Prioritas : 19

1.3K 125 24
                                    

Tepat saat bel istirahat pertama Lio keluar kelas. Sial sekali ketua kelas mereka, membohongi satu kelas dengan mengatakan jika kelas mereka free padahal sesungguhnya guru mereka datang hanya saja sedikit terlambat.

Tau Lio kemana? Tepat. UKS.

Laki-laki itu meruntuki, memaki dan menghujani hujatan pada guru dengan mulut pedas itu. Bu Tina, guru BK yang merangkap menjadi guru kebudayaan itu menahan Doni untuk menemani Lintang dan malah memilih Abila.

Fikiran Lio sudah kemana-mana, membayangkan apa saja yang akan di lakukan remaja berbeda gender itu di dalam ruangan bernama UKS.

Lio berjalan dengan langkah dua kali lebih lebar dari langkah biasanya. Ia ingin cepat-cepat menghampiri kekasihnya dan membawanya menjauh dari Lintang.

Pintu UKS terbuka, benar dugaannya jika hanya ada mereka bedua saja di dalam ruangan. Lio berjalan lebih dalam untuk melihat lebih jelas keadaan di dalam.

Lio menyilangkan kedua tangannya di depan dada, memperhatikan Abila yang sedang duduk di samping Lintang dengan ponsel yang Lio yakini bukan miliknya melainkan milik Lintang. Sedangkan Lintang, laki-laki itu sedang tertidur di kasur UKS.

Lio melangkah dua langkah lebih dekat dengan Abila yang masih belum sadar dengan kehadirannya. Lio diam memperhatikan apa yang sedang di mainkan oleh gadis itu, rupanya hanya sebuah game masak-masak.

"Kantin, makan. Bukannya duduk di sini."

Abila terkaget, ia dengan reflek menoleh kekanan dan kekiri tapi tidak menemukan seseorang dan baru menemukannya pada saat ia membalikkan tubuh ke belakang, ada Lio.

Abila bangun, tapi sebelum itu ia meletakan ponsel hitam milik Lintang di samping tubuh laki-laki itu baru ia berdiri saling bertatapan dengan Lio.

"Ada apa Lio?"

Lio berdecih, gadis di depannya ini tidak tau atau tolol? Sudah jelas ia ke sini karena merasa cemburu dan tidak terima dengan apa yang di lakukan oleh pacarnya namun mengapa gadis itu bertanya hal yang tidak masuk di akal.

"Kantin, makan." kata Lio dengan nada datar.

"Nanti, Lintang ga ada yang jaga." jawab Abila.

Bola mata Lio memperhatikan Lintang sejanak lalu fokus lagi pada Abila, "Temen-temen lo udah di kantin. Mau ke kantin sendiri atau gue tarik?"

Abila menghela nafas berat. Berat dan sangat berat. Deritanya mengapa banyak sekali.

"Bila ga kekantin, Lio aja sana Farhan sama Ghani pasti nunggu."

"Terus? Lo mau disini? Gitu?!"

Abila melotot, "Suttt, jangan teriak." paniknya. Lio bicara keras dan dari suara keras milik Lio itu bisa membangunkan Lintang yang baru saja tertidur.

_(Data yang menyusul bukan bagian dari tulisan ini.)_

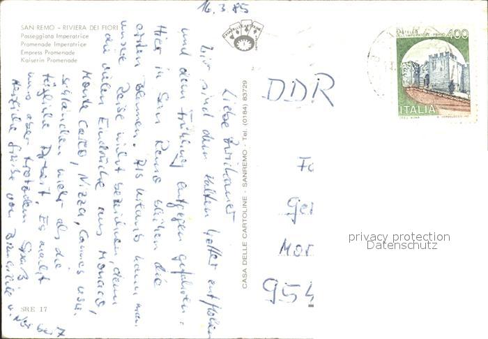 old postcard San Remo Passeggiata Imperatrice Kaiserin Promenade Palmen postalisch gelaufen Erhaltung siehe scans
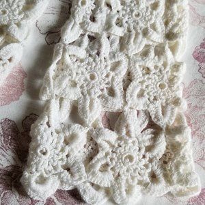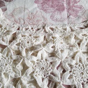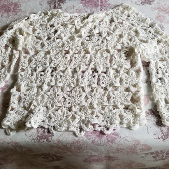 Handcrafted crochet top in white. Open weave, 3/4 length sleeves. Great over swimsuit or other solid coloured top. Good condition.
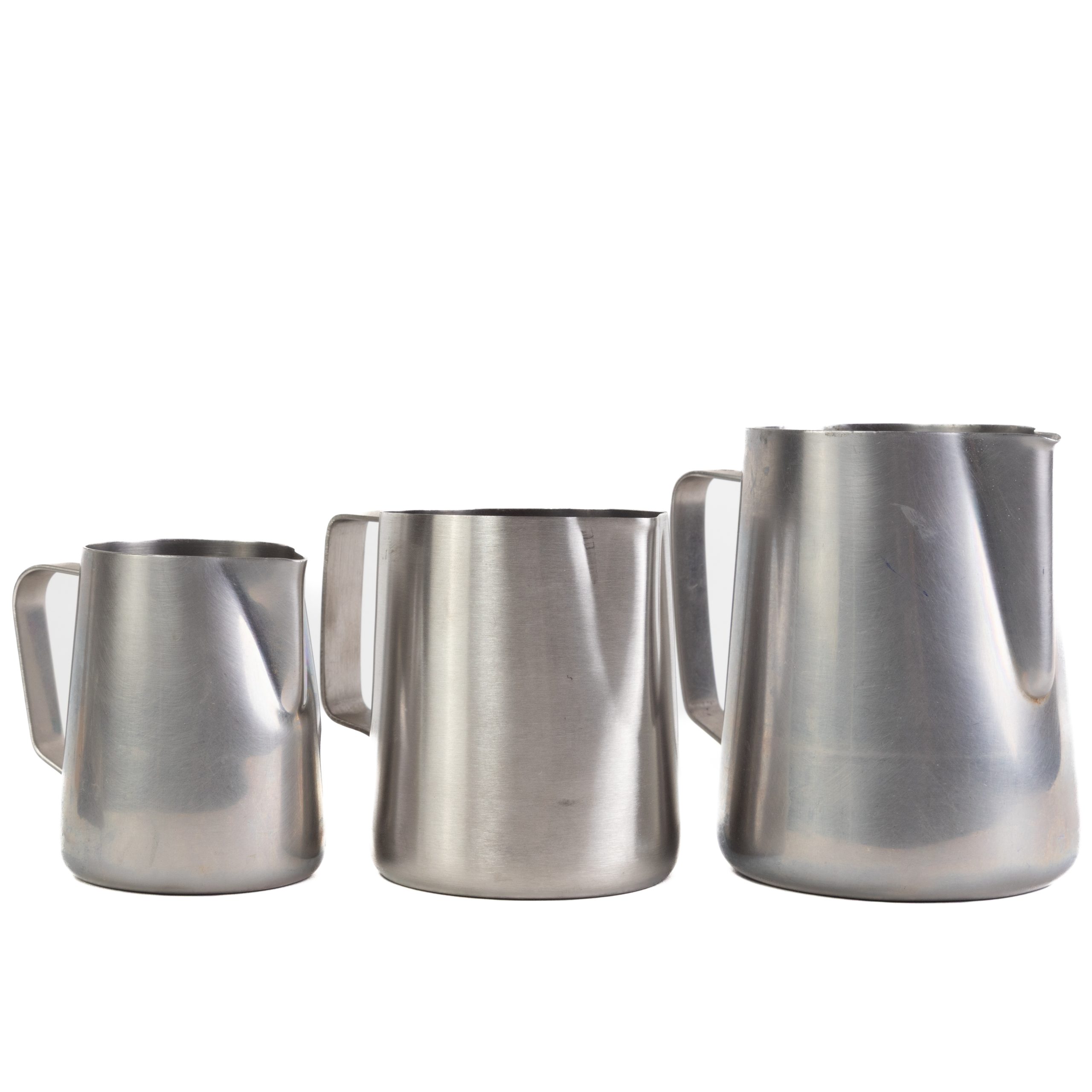 Jarras metálicas para espumar la leche.

Kekehan sinis Lio keluarkan, kedua tangannya mencengkram bahu Abila kencang berusaha memberikan peringatan pada gadis itu bahwasanya dirinya cemburu.

"Kenapa? Kenapa kalo gue teriak, hah!"

"Nanti Lintang bangun. Dia baru aja tidur, kasihan perutnya memar gara-gara-

"Gue? Maksud lo gara-gara gue?" potong Lio begitu cepat.

Abila tidak bisa bicara apapun. Ia ibarat buah simalakama yang kemana saja salah.

"Aw." Abila merintih, pundaknya terasa sakit akibat cengkraman yang di betikan oleh Lio yang semakin lama semaki sakit.

Lio tersenyum miring, memberikan tatapan tajam yang biasa ia berikan pada Abila jika sedang marah, "Sakit? Itu yang gue rasain saat lihat lo ketawa sama Lintang sedangkan sama gue lo jarang banget mau ketawa."